---------- DATA RECORDS

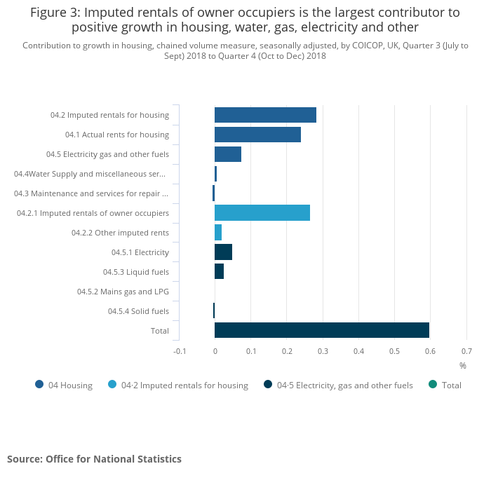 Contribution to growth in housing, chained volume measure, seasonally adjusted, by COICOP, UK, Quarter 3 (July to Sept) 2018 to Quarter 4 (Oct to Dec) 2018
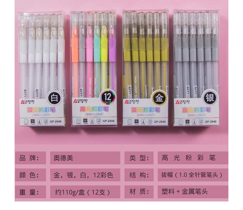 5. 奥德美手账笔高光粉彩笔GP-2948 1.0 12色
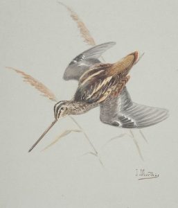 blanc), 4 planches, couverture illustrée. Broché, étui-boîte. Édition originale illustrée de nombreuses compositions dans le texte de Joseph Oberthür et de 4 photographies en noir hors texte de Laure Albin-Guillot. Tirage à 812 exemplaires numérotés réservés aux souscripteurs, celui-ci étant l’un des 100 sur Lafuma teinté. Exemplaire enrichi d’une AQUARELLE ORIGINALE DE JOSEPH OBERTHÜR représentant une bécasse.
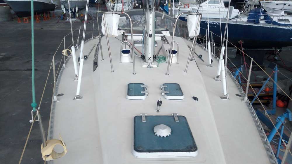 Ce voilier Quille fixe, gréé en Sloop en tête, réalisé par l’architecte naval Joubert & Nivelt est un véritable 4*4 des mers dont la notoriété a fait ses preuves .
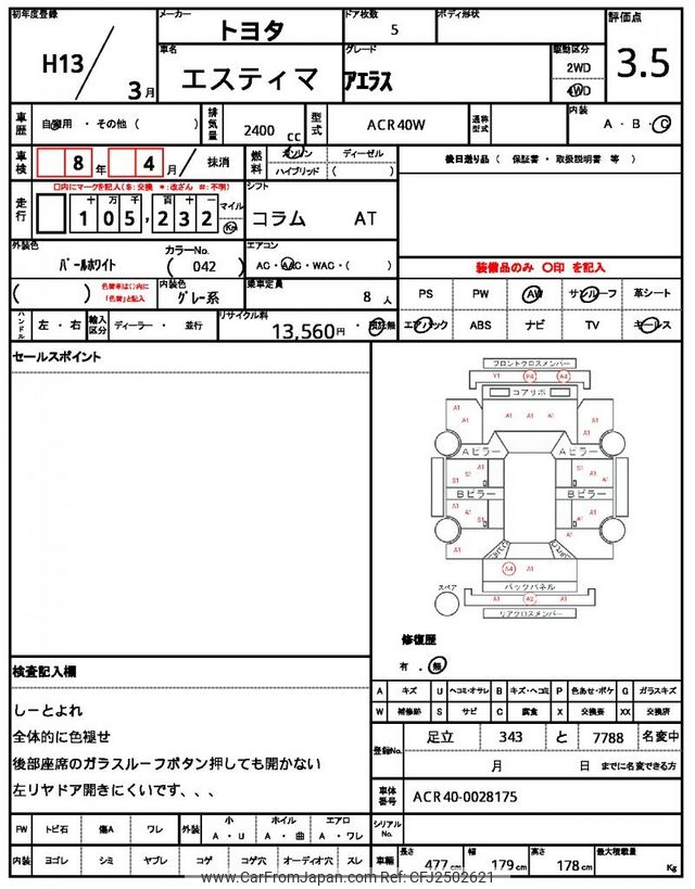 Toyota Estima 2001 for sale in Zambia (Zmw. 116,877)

--------------------
---------- DATA RECORDS

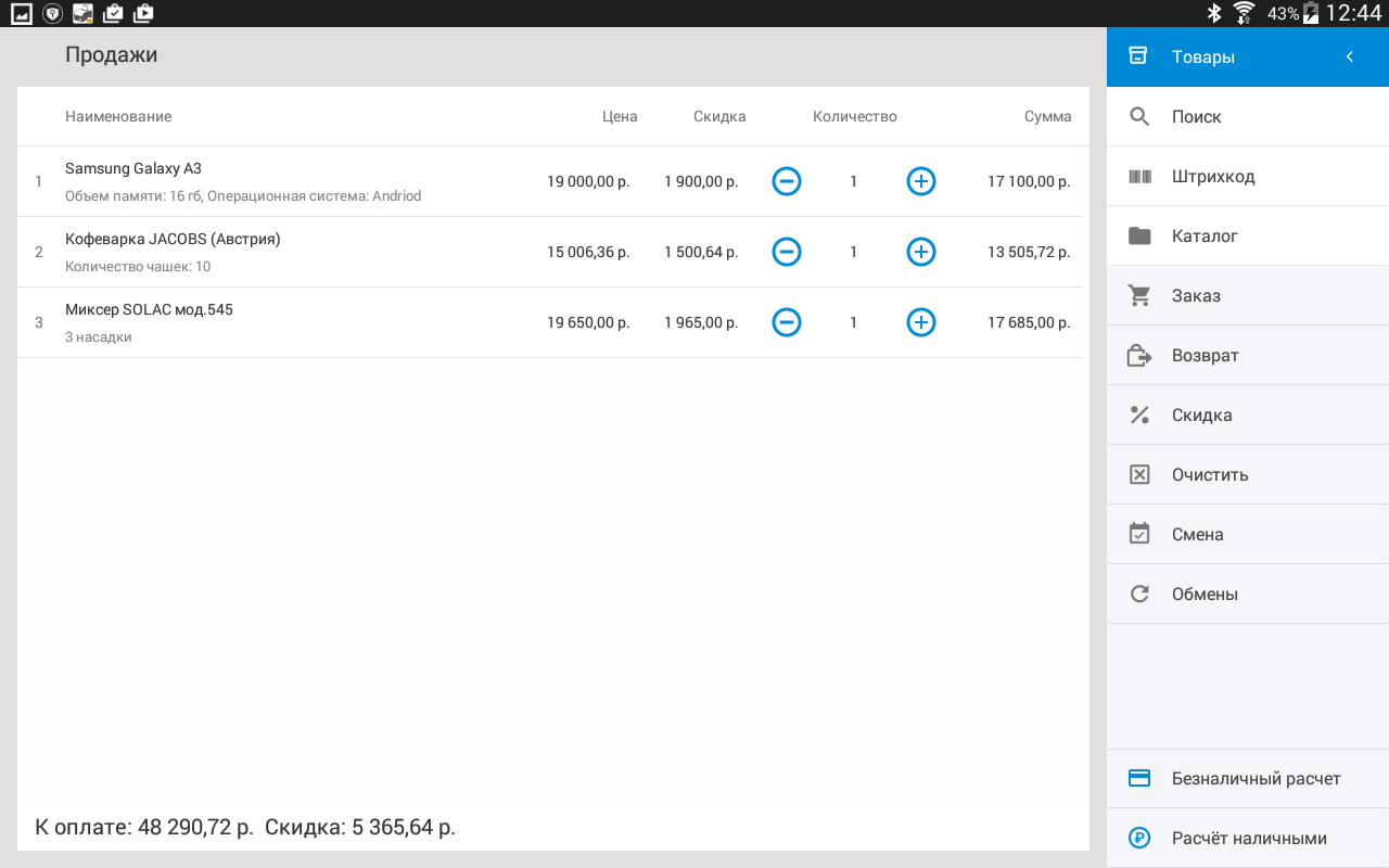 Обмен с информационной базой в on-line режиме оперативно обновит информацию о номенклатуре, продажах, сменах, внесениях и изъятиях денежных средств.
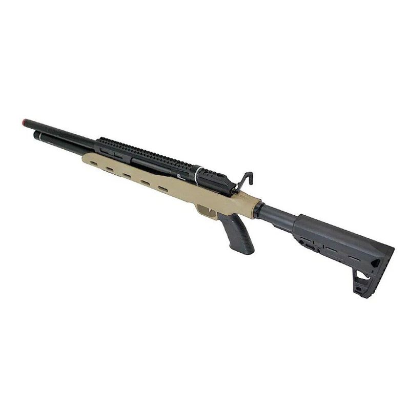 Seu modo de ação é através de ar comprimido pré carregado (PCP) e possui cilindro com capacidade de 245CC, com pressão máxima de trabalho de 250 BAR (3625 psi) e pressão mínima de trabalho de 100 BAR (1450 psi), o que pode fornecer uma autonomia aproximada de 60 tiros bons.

--------------------

Using the data above, copy exactly the lines from the one containing "Contribution to growth" to the one containing "Toyota Estima 2001", inclusive. Exclude the pictures.

 Contribution to growth in housing, chained volume measure, seasonally adjusted, by COICOP, UK, Quarter 3 (July to Sept) 2018 to Quarter 4 (Oct to Dec) 2018
 5. 奥德美手账笔高光粉彩笔GP-2948 1.0 12色
 blanc), 4 planches, couverture illustrée. Broché, étui-boîte. Édition originale illustrée de nombreuses compositions dans le texte de Joseph Oberthür et de 4 photographies en noir hors texte de Laure Albin-Guillot. Tirage à 812 exemplaires numérotés réservés aux souscripteurs, celui-ci étant l’un des 100 sur Lafuma teinté. Exemplaire enrichi d’une AQUARELLE ORIGINALE DE JOSEPH OBERTHÜR représentant une bécasse.
 Ce voilier Quille fixe, gréé en Sloop en tête, réalisé par l’architecte naval Joubert & Nivelt est un véritable 4*4 des mers dont la notoriété a fait ses preuves .
 Toyota Estima 2001 for sale in Zambia (Zmw. 116,877)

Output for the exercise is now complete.